> What is expected
An exact copy of the data is required. No picture may appear in it.
═══ Data below
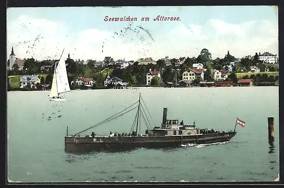 AK Seewalchen am Attersee, Dampfer und Segelboot auf dem See
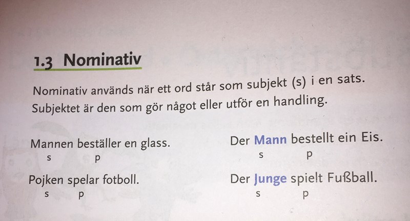mariamsophiee skrev:Laguna skrev:"En glass" är ackusativobjekt. Nominativa objekt finns nog inte. Jag vet inte vad en nominativ mening är. Har du en bild på detta?
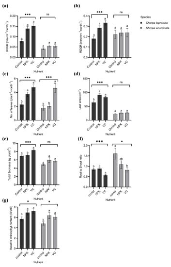 The growth performance of Shorea leprosula Miq. and Shorea acuminata Dyer to different nutrient amendments; (a) relative height growth rate (RHGR) (cm cm−1 month−1); (b) relative diameter growth rate (RDGR) (mm mm−1 month−1); (c) mean number of leaves (plant−1 month−1); (d) leaf area (cm2); (e) biomass (g plant−1); (f) root-to-shoot ratio; and (g) relative chlorophyll concentration (SPAD) (Mean ± SE). Alphabets denote significant differences between light irradiance treatments with *, and *** indicating significant at p < 0.05, and p < 0.001, respectively; ns = non-significant.
══════
> Written answer
 AK Seewalchen am Attersee, Dampfer und Segelboot auf dem See
mariamsophiee skrev:Laguna skrev:"En glass" är ackusativobjekt. Nominativa objekt finns nog inte. Jag vet inte vad en nominativ mening är. Har du en bild på detta?
 The growth performance of Shorea leprosula Miq. and Shorea acuminata Dyer to different nutrient amendments; (a) relative height growth rate (RHGR) (cm cm−1 month−1); (b) relative diameter growth rate (RDGR) (mm mm−1 month−1); (c) mean number of leaves (plant−1 month−1); (d) leaf area (cm2); (e) biomass (g plant−1); (f) root-to-shoot ratio; and (g) relative chlorophyll concentration (SPAD) (Mean ± SE). Alphabets denote significant differences between light irradiance treatments with *, and *** indicating significant at p < 0.05, and p < 0.001, respectively; ns = non-significant.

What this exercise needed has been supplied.